Famous for her Rainbow Explosion Cake, Amirah Kassem is a firm believer in the birthday lifestyle and the power of sprinkles. She returned to Los Angeles from her Flour Shop bakery in New York over the weekend for a demonstration of her colorful exploding six-layer creation at the Williams-Sonoma store in Beverly Hills.

“On your birthday you wake up, you wear your favorite clothes, hang out with your favorite people, eat your favorite food and are just happy,” Kassem, who started out in the fashion world, studying at the Fashion Institute of Design and Merchandising downtown, tells L.A. Weekly. “If you can create that on your birthday, you can create that all year round. Every day should feel like your birthday.”

Her new cookbook The Power of Sprinkles includes recipes for the explosion cake, magical cream cheese frosting, colors and dyes as well as sprinkle science and priceless frosting tips for a perfect cake.

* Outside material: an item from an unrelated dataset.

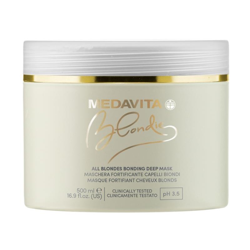 ALL BLONDES BONDING DEEP MASKMasque repulpant pour tous les cheveux blonds colores/eclaircis. Preserve et rehausse les reflets, en redonnant du corps a la structure. Contient du Collagene hydrolyse, reconstituant et conditionnant, de l’Acide hyaluronique, hydratant et elastifiant, et des proteines d’Amarante, hydratantes, protectrices et filmogenes ; un precieux complexe de Ceramides, do...
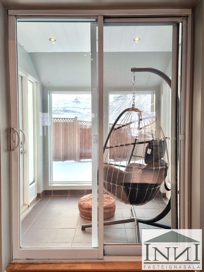Eldhús: Er inn af alrými. U-laga innrétting, sæmilega rúmgóð með björtum glugga og útsýni.

Amirah Kassem and her Rainbow Explosion Cake; Credit: Michele Stueven

Amirah Kassem and her Rainbow Explosion Cake; Credit: Michele Stueven

While the multi-layered rainbow cake might seem daunting at first look, it’s deconstructed step by step in flip book photos for the creation inspired by cooking with her mother in her native Mexico. Kassem has partnered with the culinary store to create a kit that includes all the pre-measured dry ingredients, interior and exterior sprinkles, frosting mix and gel colors in a reusable paint can to make it even easier. All you need to add are eggs, milk, butter and cream cheese. The kit serves 15 and makes six 6-inch layers or three 8-inch layers.

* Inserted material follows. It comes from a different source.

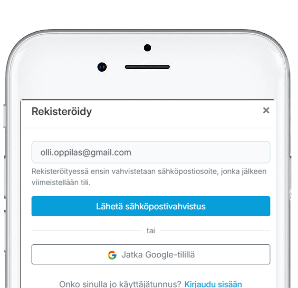 Ensimmäisellä kerralla kirjautuessa tulee sivustolle luoda käyttäjätunnus koululaisen tiedoilla. Tähän tarvitaan käytössä oleva sähköpostiosoite. Rekisteröityessä vahvistetaan ensin sähköpostiosoite, jonka jälkeen viimeistellään tili. Sivustolle voi rekisteröityä myös käyttäen Google-tiliä.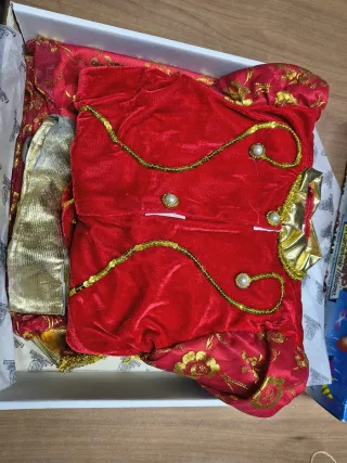 Costume da odalisca per bambina, taglia S. Perfetto per feste in maschera o recite. - Colore rosso con decorazioni dorate. - Include copricapo e cintura.

“I created the kit specifically for anybody that’s intimidated,” says Kassem in between mixing batter colors. “When you break it down to what it actually is, in the book I made sure that even the stacking was a flip book. So if you don’t want to read it, you can literally just flip the page and see what you’re supposed to do next. I’m such a visual person, that I don’t want to read a lot of instructions, I just want to flip through a book.”

But it takes time.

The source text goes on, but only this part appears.